--- TASK DESCRIPTION ---
Restate word for word the lines in the listing below, starting at the line containing "The Pamagirri Aboriginal" and ending at the line containing "New without tags", both included; leave out the rest.

--- SOURCE RECORDS ---
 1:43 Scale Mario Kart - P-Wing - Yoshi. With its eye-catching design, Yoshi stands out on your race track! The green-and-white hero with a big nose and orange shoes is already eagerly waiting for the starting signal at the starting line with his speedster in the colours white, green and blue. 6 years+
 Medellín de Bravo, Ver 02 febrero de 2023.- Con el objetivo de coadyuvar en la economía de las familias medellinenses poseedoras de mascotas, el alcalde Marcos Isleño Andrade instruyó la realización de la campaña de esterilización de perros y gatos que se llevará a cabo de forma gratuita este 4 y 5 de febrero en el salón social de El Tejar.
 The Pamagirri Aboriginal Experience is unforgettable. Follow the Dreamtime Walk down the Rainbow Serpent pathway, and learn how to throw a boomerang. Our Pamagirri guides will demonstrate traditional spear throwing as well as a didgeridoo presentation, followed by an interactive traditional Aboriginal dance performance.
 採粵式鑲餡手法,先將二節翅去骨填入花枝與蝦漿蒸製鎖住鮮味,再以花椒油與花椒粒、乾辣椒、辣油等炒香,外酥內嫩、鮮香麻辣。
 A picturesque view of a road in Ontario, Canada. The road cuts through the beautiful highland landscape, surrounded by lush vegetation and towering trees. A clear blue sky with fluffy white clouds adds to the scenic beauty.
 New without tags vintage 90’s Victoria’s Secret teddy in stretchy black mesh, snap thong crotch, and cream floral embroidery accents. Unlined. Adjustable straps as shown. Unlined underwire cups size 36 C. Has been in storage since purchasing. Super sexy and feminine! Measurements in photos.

...

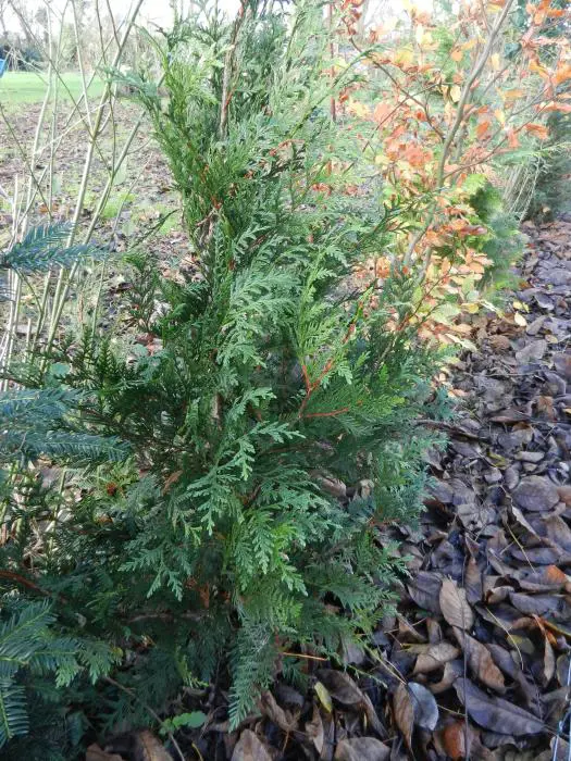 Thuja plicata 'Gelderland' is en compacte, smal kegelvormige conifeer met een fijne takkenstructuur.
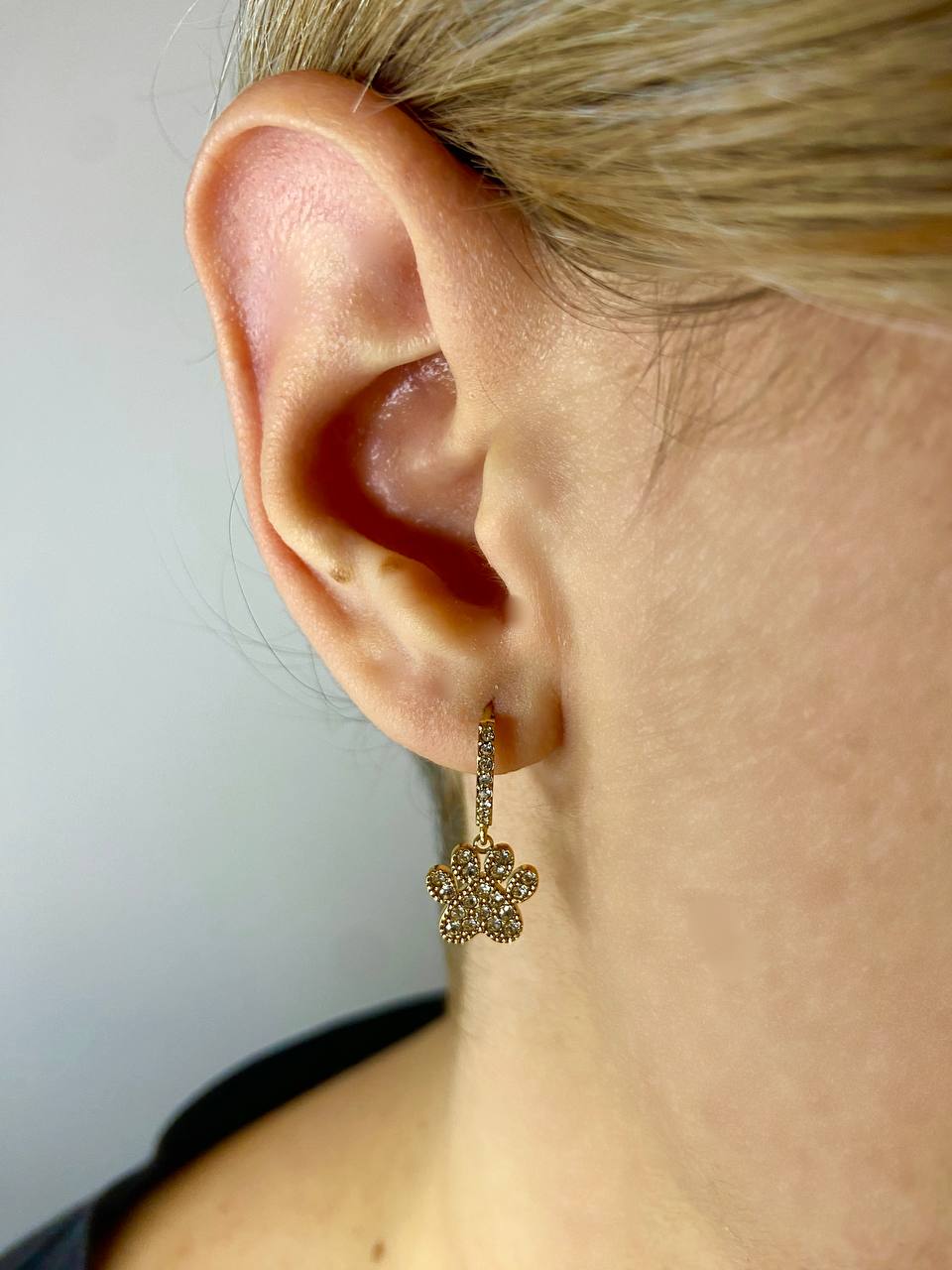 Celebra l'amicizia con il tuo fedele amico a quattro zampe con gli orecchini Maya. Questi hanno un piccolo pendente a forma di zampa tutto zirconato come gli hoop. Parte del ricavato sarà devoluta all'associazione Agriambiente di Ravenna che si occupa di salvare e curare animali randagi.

==

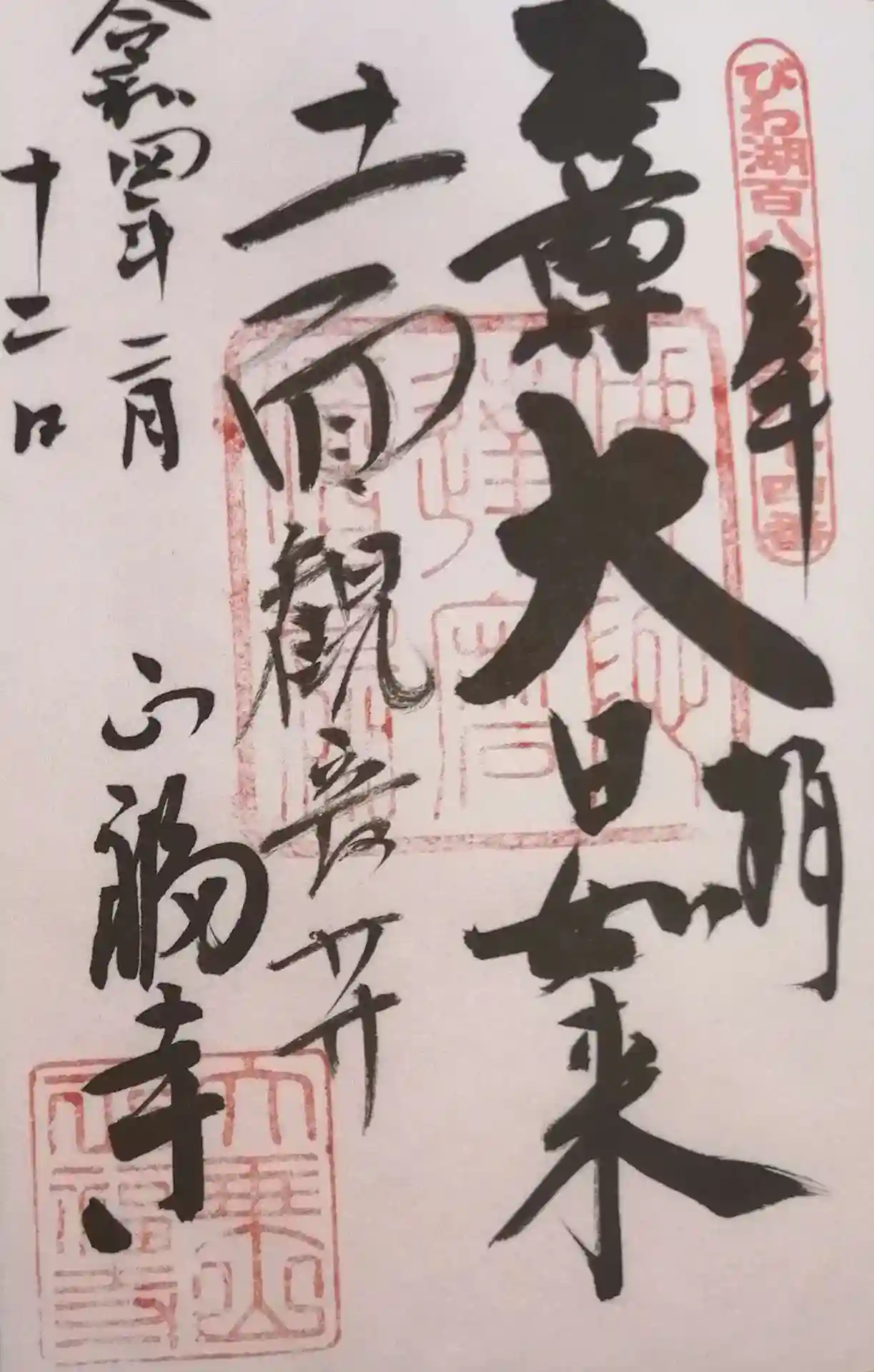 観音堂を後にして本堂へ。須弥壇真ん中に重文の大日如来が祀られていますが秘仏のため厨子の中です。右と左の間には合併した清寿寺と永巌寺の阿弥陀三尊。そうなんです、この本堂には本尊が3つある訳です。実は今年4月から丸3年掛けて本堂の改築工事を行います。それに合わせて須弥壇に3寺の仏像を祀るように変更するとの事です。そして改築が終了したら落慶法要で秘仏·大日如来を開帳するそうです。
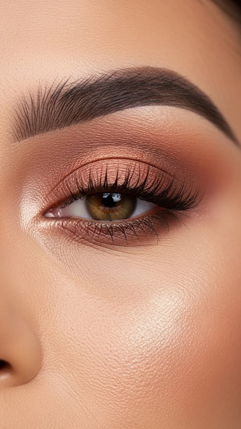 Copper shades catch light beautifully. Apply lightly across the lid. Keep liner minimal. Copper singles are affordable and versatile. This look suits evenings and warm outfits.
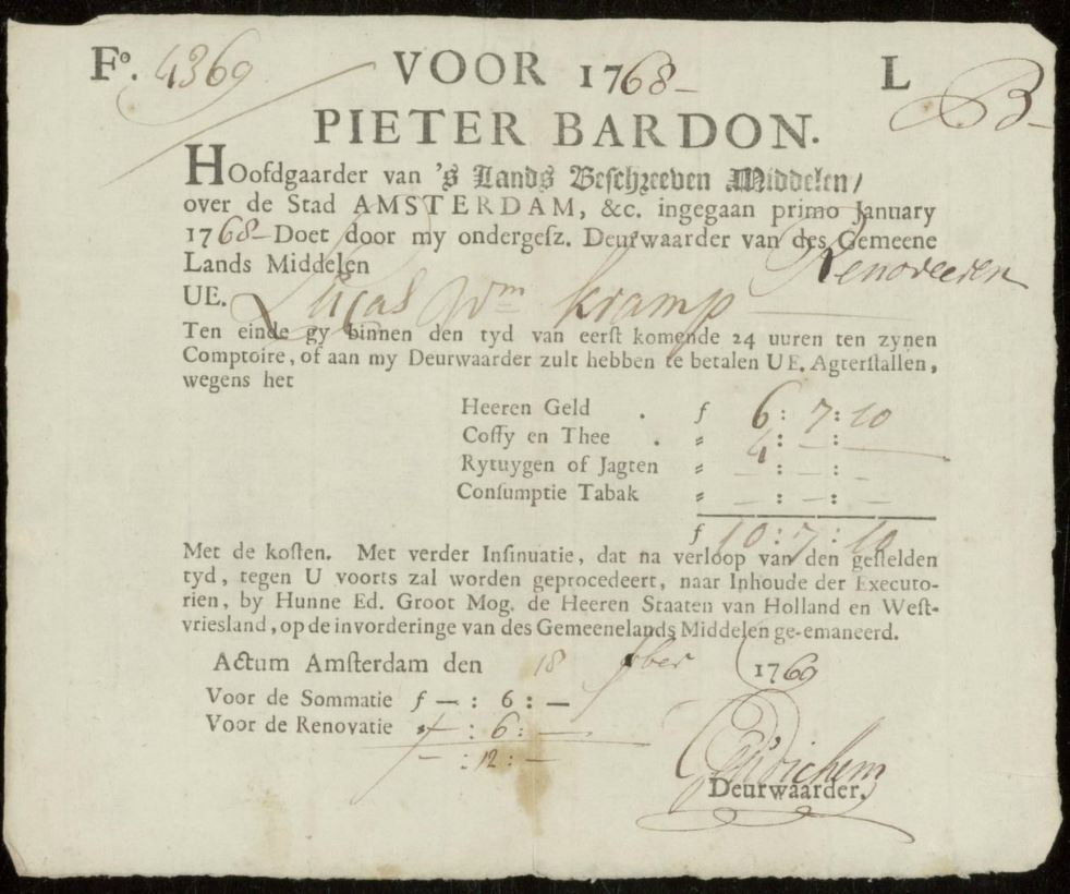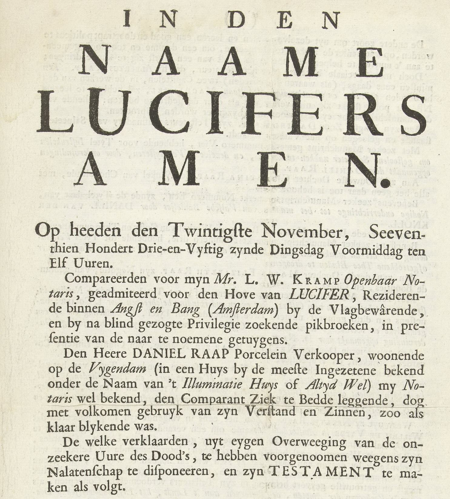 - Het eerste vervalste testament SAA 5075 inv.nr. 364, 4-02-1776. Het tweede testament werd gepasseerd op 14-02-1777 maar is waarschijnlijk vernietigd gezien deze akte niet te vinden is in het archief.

--- SOLUTION FOR THIS EXERCISE ---
 The Pamagirri Aboriginal Experience is unforgettable. Follow the Dreamtime Walk down the Rainbow Serpent pathway, and learn how to throw a boomerang. Our Pamagirri guides will demonstrate traditional spear throwing as well as a didgeridoo presentation, followed by an interactive traditional Aboriginal dance performance.
 採粵式鑲餡手法,先將二節翅去骨填入花枝與蝦漿蒸製鎖住鮮味,再以花椒油與花椒粒、乾辣椒、辣油等炒香,外酥內嫩、鮮香麻辣。
 A picturesque view of a road in Ontario, Canada. The road cuts through the beautiful highland landscape, surrounded by lush vegetation and towering trees. A clear blue sky with fluffy white clouds adds to the scenic beauty.
 New without tags vintage 90’s Victoria’s Secret teddy in stretchy black mesh, snap thong crotch, and cream floral embroidery accents. Unlined. Adjustable straps as shown. Unlined underwire cups size 36 C. Has been in storage since purchasing. Super sexy and feminine! Measurements in photos.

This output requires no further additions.